Application API/Misconceptions

From The Open Source Backup Wiki (Amanda, MySQL Backup, BackupPC)
Jump to navigationJump to search

Because the Application API represents a major departure from historical Amanda thinking, misconceptions are common. This section attempts to address some of the most common.

The exact location of user objects is known.

Amanda can restore a user object only by retrieving the associated collections. Aside from tracking the collection that contains it, Amanda doesn't store the exact location of any user object. Amanda still has enough information to efficiently restore a user object without reading the whole dump -- assuming that collections are smaller than a dump.

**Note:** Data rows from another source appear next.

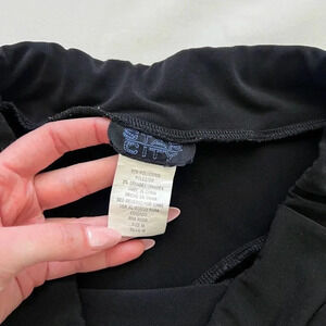 “star city” black low waisted mini skirt with an asymmetrical hem
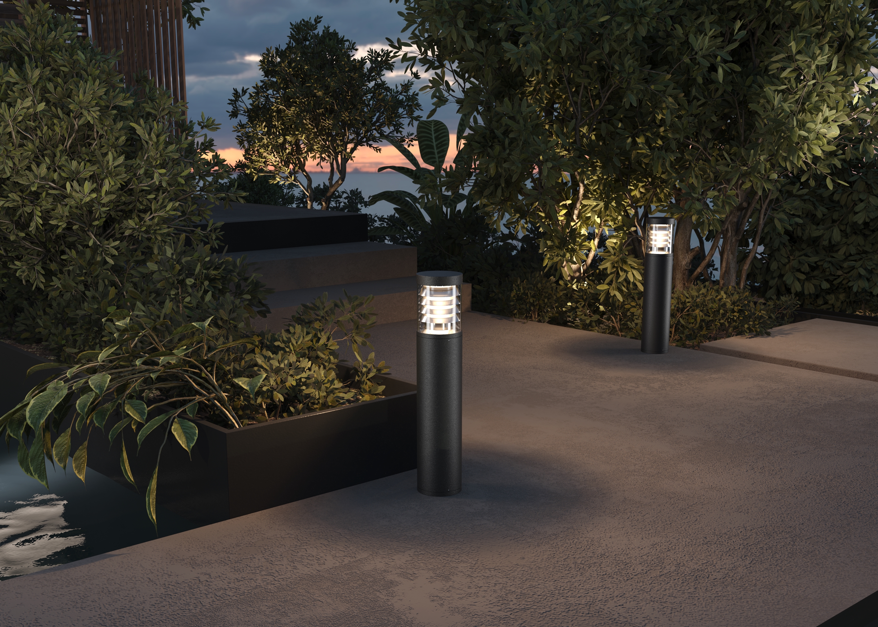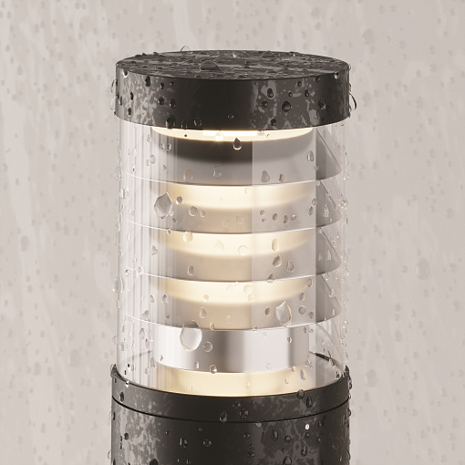 Алюминиевый корпус, цвет - графит.  Многослойный каскадный рассеиватель серебристого цвета скрывает LED-источник света, предотвращая эффект слепимости и мягко рассеивает свет. Цветовая температура - 3000К. Степень защиты - IP54.
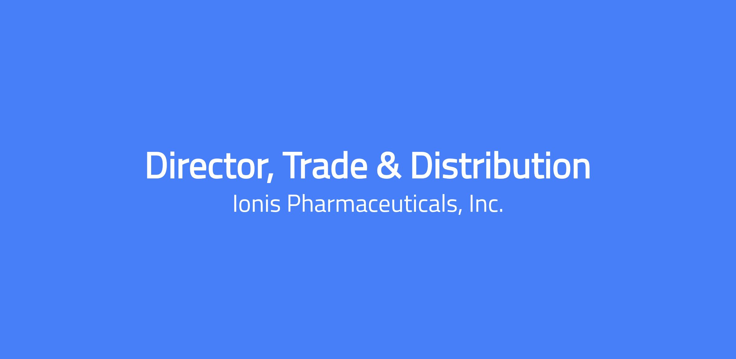 The Director, Trade & Distribution defines and leads Ionis’ U.S. Trade & Distribution strategy to enable scalable, compliant solutions that expand patient access and operational excellence across Ionis’ portfolio. This leader serves as the strategic architect of Ionis’ distribution network, driving long-term partnerships, data connectivity, and enterprise alignment to support Ionis’ evolution into a fully integrated biotechnology company. This position will report to the Executive Director, Trade & Distribution and may be located at Ionis’ corporate headquarters in Carlsbad, California, its Boston office, or remote.
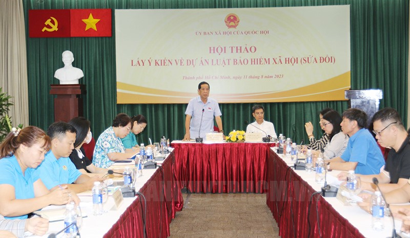 Đồng chí Nguyễn Duy Cường, Phó Vụ trưởng, Vụ Bảo hiểm xã hội, Bộ Lao động, Thương binh và Xã hội phát biểu tại hội thảo.(Thanhuytphcm.vn) - Ngày 11/8, tại TPHCM, Ủy ban Xã hội của Quốc hội tổ chức Hội thảo lấy ý kiến về Dự án Luật Bảo hiểm xã hội (sửa đổi) nhằm lắng nghe ý kiến từ tổ chức đại diện người lao động, Công đoàn cơ sở và công nhân, người lao động đang làm việc tại các tỉnh thành phố phía Nam, qua đó tổng hợp và trình lên Ủy ban Thường vụ Quốc hội tại cuộc họp sẽ diễn ra trong tuần tới.
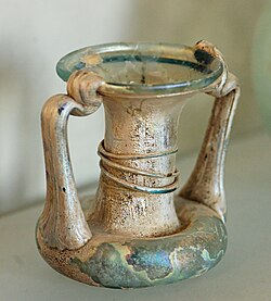 Миниатюрный двуручный стеклянный фиал из Сирии, IV в. Высота 4,7 см, диаметр 4 смА вигилия — это смена ночной стражи в городах. Раньше говорили: «Между третьей и четвертой стражей».
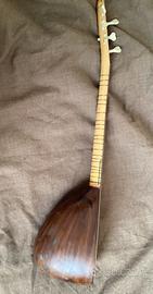 Mandolino turco, in legno, lunghezza totale 78cm, cassa 25cm. Divwrse corde di ricambio, con cuatodia
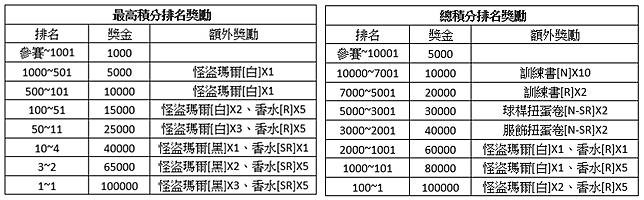 錦標賽的玩法很簡單,主要比的就是單場「最高積分」跟三場累積起來的「總積分」,然後依照這兩個積分去排行,不同名次階級的會拿到不同的獎勵,我將積分排名的獎勵列在下方。
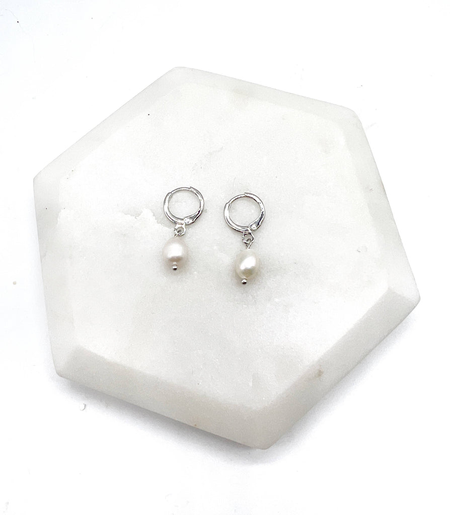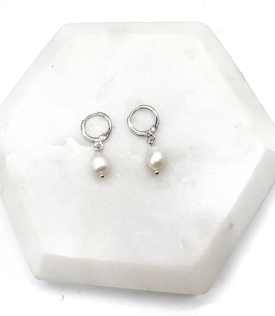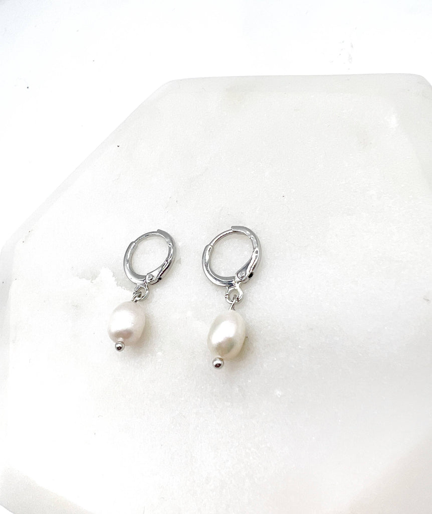 Pearl Silver Huggie Hoops Earrings
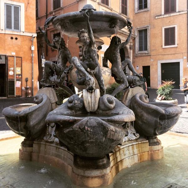 Fontanna Żółwi wzięła swą nazwę oczywiście od żółwi które usiłują zejść z umieszczonej ponad wodą misy, choć zwierzątka zostały tam umieszczone jakieś 80 lat po jej powstaniu. Miała być ona postawiona zupełnie gdzie indziej ale zachwycony nią bogacz Muzio Mattei uparł się by ją mieć przy placu przy którym mieszkał. W zamian zaoferował wybrukowanie placu na własny koszt oraz utrzymywanie fontanny w czystości.

To put it another way, the object may not be found at any particular byte offset in the backup. Even if it could, Amanda wouldn't know that offset. But nonetheless Amanda has sufficient information perform restores efficiently.

Collections must not be very small (or very big)

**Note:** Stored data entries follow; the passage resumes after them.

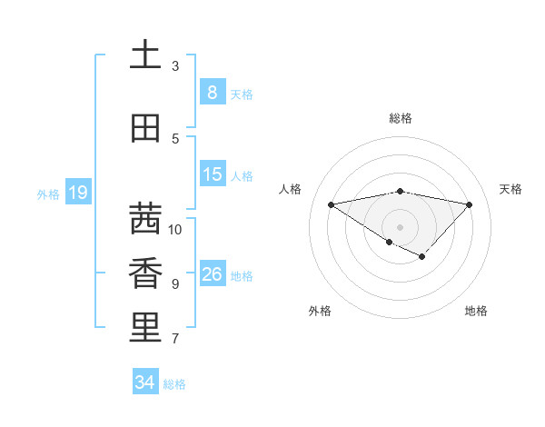 土田 茜香里さんを姓名の画数から五運を鑑定
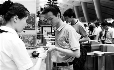 6月1日,在北京南站,乘客持身份证和车票进站。6月1日起,铁路动车组列车实行实名制管理,乘坐动车组列车的旅客须凭本人有效身份证件购买车票进站乘车。 本报记者 赵 晶摄
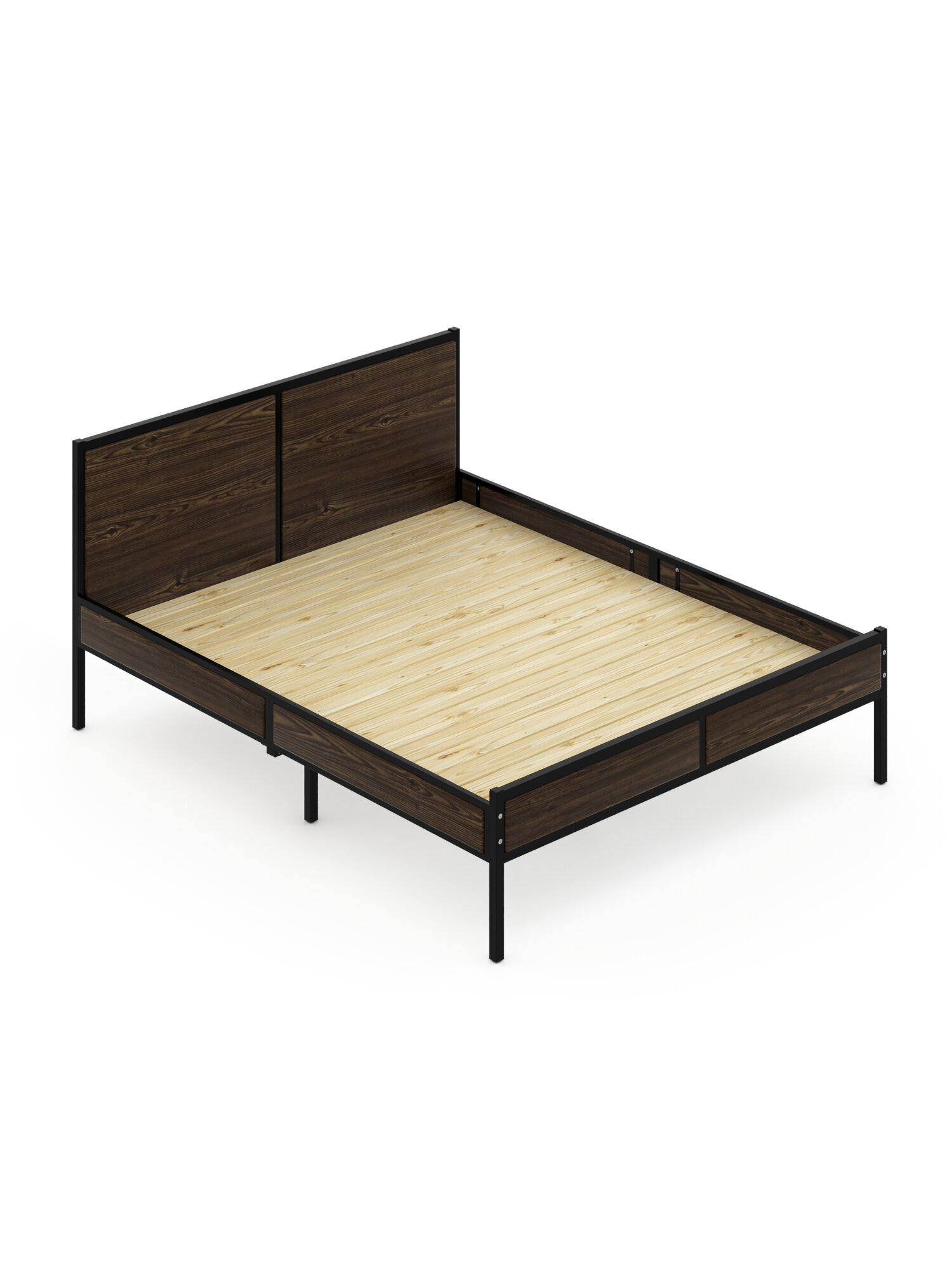 Кровать двуспальная Лофт со сплошным основанием, цвет темного дуба с черным металлическим каркасом, 140х200 см 23 980 ₽

Although Amanda will not enforce any particular size restriction on a collection, the optimal size for roughly corresponds to the size of a user object. In general, there is not much advantage to having collections smaller than about 64k. Very small collections will bloat the index; very large collections may cause slower restores, especially partial restores of small objects from the collection.

The server can understand a collection

As today, the server doesn't know anything about the collections on media -- it can only store and retrieve them. An entire collection (not an entire job) must be sent to an Amanda client running the same Application API for interpretation.

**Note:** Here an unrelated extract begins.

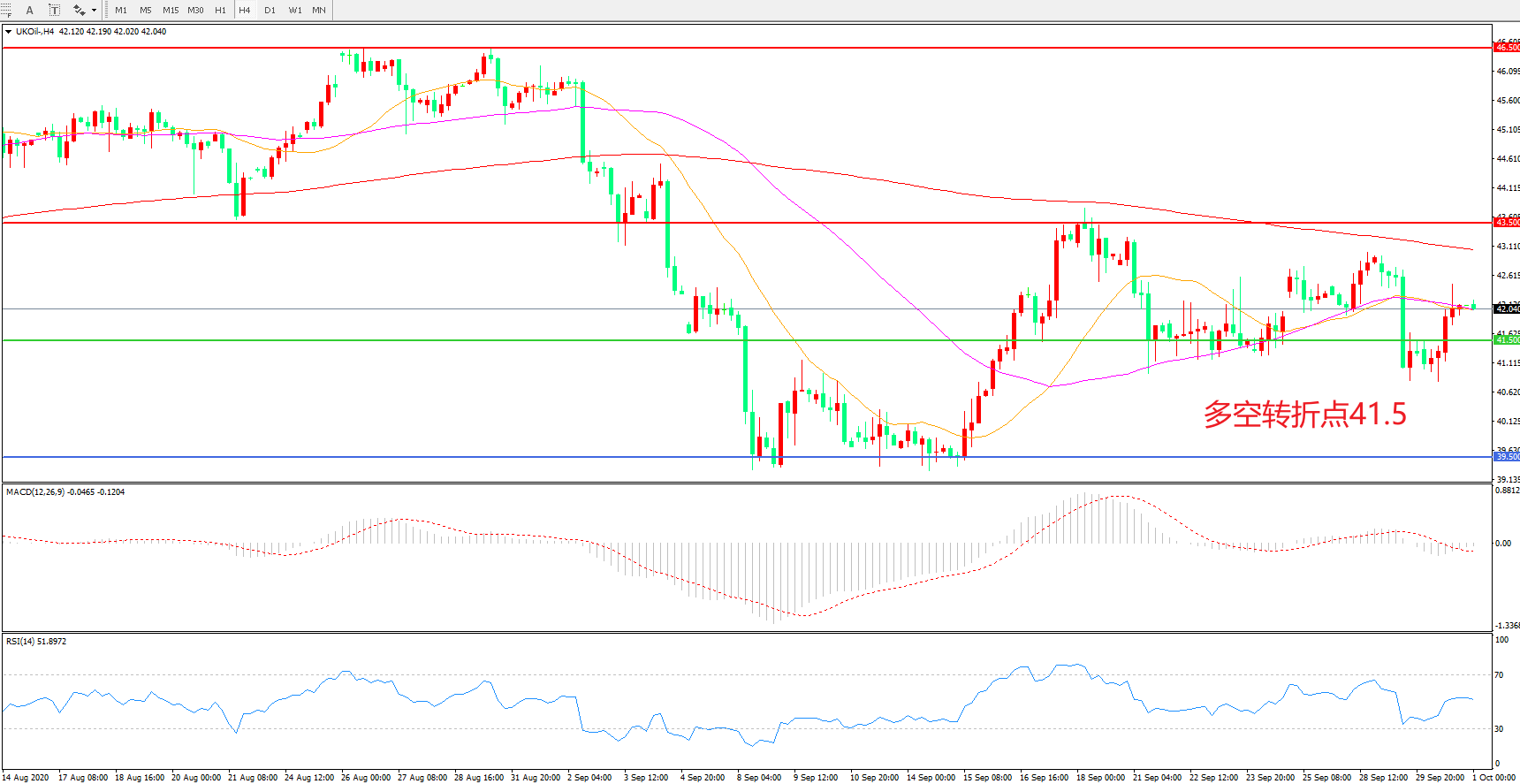 交易策略: 在41.50之上看涨,目标43.50 46.50

Note, however, that this Amanda client may be on the same physical machine as the Amanda server.

Inputs Outputs above are associated with particular sockets

As there is as yet no line protocol associated with this API, it would be premature to talk about particular sockets. But it is very possible that all output data (octet stream, collection byte offsets, and user object information) will be multiplexed in a single network socket.

On restore, The client may seek to a particular place in the backup data

Although the client could do this, the server doesn't know anything about it. Rather, the server provides the set of collections that includes all the user objects of interest. Then (and only then) the client goes about restoring user objects from this set of collections.

The data stream sent to the server is opaque to the server

Although the collection data itself is opaque, the other data (collection sizes, user object identifiers and attributes) is very much interpreted by the server. There should, for example, be a standard way of representing file permissions and timestamps as user object attributes.